A few more info, this happens on both F23 and rawhide (so I reckon not too far from git master), it's not Xwayland specific (gnome-terminal is Wayland native) and it's possibly a race condition as it's not 100% reproducible (seems to be easier to reproduce using multiple monitors).
Created attachment 321957 [details] GDK_DEBUG=events log This is weird, from the gdk wayland backend point of view, it behaves as if mutter was switching continuously between fullscreen and non-fulscreen. At first, gnome-terminal would switch back immediately to fullscreen all by itself (ie, it's fullscreen, press F11, it goes back to normal then switches back immediately to fullscreen), Then, after some retries, it will enter that loop switching continuously between fullscreen and non-fullscreen all by itself. I tried to come up with a simple reproducer (something a lot simpler than gnome-terminal) but failed to reproduce.
Does mutter ever send xdg_surface.configure with XDG_SURFACE_STATE_FULLSCREEN in the state array?
Yes, that message "Gdk-Message: configure, window... fullscreen" is logged in gdk/wayland/gdkwindow-wayland.c xdg_surface_configure() called from the xdg_surface_listener so I guess mutter sends us that, or is my logic flawed?
from here: https://git.gnome.org/browse/gtk+/tree/gdk/wayland/gdkwindow-wayland.c#n1111
Ah, right. No, your logic is sound :) But then again I would assume mutter is just responding to the xdg_surface.set_fullscreen and xdg_surface.unset_fullscreen GTK seems to be sending. Can you see where they come from? That would not explain why Xwayland clients do the same thing though.

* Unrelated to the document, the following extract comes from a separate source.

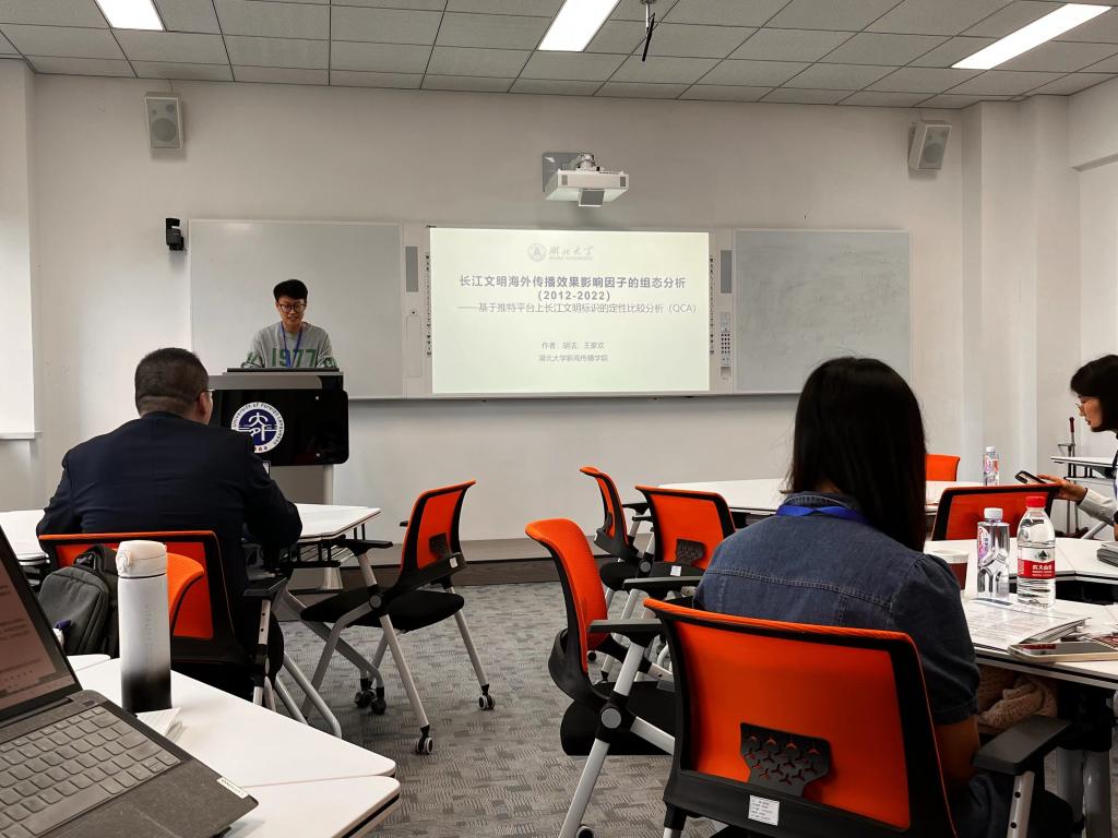 此次论坛共设置5个分论坛,分别为“中华文明精神标识与文化精髓”、“文明交流互鉴与中华文明海外影响力”、“中华文明国际传播的多元化与在地化”、“智能传播与国际传播能力建设”、“东北亚及周边传播研究”。在“智能传播与国际传播能力建设”分论坛中,公司2021级研究生王家欢宣读了其与胡洁老师共同合作的论文《长江文明海外传播效果影响因子的组态分析》,在场专家对该论文研究方法的规范性与研究思路的合理性给予了肯定。
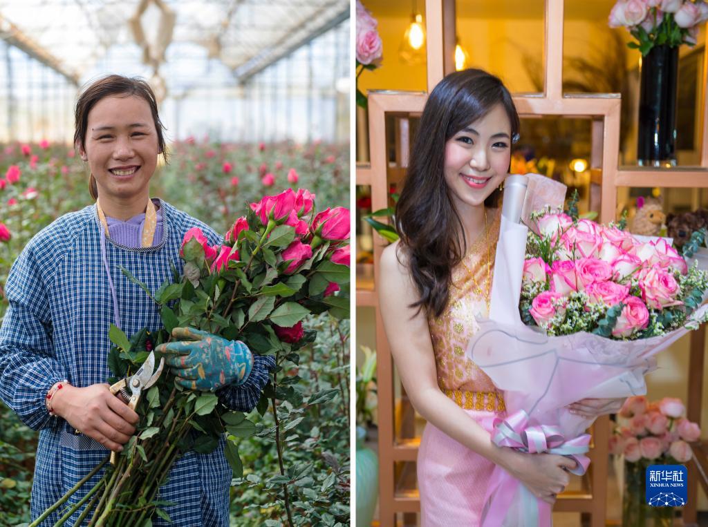 拼版照片顯示,左圖:2019年2月15日,在中國雲南石林彝族自治縣錦苑花卉産業園,花農抱着鮮花微笑(新華社記者 胡超 攝);右圖:2019年2月16日,在泰國曼谷,一位女士抱着購買到的鮮花微笑(新華社記者 張可任 攝)。

Could be a gtk+ bug or a gnome-terminal bug after all... having both gnome-shell and gnome-terminal-server in gdb simultaneously, breaking on xdg_surface_set_fullscreen()/xdg_surface_unset_fullscreen() in mutter and gdk_window_fullscreen()/gdk_window_unfullscreen() in gnome-terminal-server shows that both seem to be playing some sort of ping pong game. Interestingly, in gnome-terminal-server we hit this code path:
+ Trace 235987
$7 = 0 So I suspect both mutter and gnome-terminal are replying each other switching states back and forth. Or something along these lines... Thread 1 "gnome-shell" hit Breakpoint 3, xdg_surface_set_fullscreen (client=0x55e64f807b00, resource=0x55e64f37fd90, output_resource=0x0) at wayland/meta-wayland-surface.c:1439 Thread 1 "gnome-terminal-" hit Breakpoint 2, gdk_window_unfullscreen (window=0x557485b90450 [GdkWaylandWindow]) at gdkwindow.c:10562 Thread 1 "gnome-shell" hit Breakpoint 4, xdg_surface_unset_fullscreen (client=0x55e64f807b00, resource=0x55e64f37fd90) at wayland/meta-wayland-surface.c:1447 Thread 1 "gnome-terminal-" hit Breakpoint 1, gdk_window_fullscreen (window=0x557485b90450 [GdkWaylandWindow]) at gdkwindow.c:10452 Thread 1 "gnome-shell" hit Breakpoint 3, xdg_surface_set_fullscreen (client=0x55e64f807b00, resource=0x55e64f37fd90, output_resource=0x0) at wayland/meta-wayland-surface.c:1439
Can't make this happen with gnome-terminal 3.19.2 and gtk+ 3.19.9
(In reply to Matthias Clasen from comment #11) > Can't make this happen with gnome-terminal 3.19.2 and gtk+ 3.19.9 It's on Fedora rawhide so the same versions as yours: mutter-3.19.90-1.fc24.x86_64 gnome-shell-3.19.90-1.fc24.x86_64 gtk3-3.19.9-1.fc24.x86_64 gnome-terminal-3.19.2-1.fc24.x86_64 It's a race condition somewhere, sometimes not easy to reproduce.
Note: reason I still suspect something dodgy in mutter is because nothing of the sort occurs when using weston, neither with gnome-terminal (Wayland native) nor with google-chrome (running through Xwayland), but as with any race condition, I can't be sure of anything until I can pinpoint the problem precisely...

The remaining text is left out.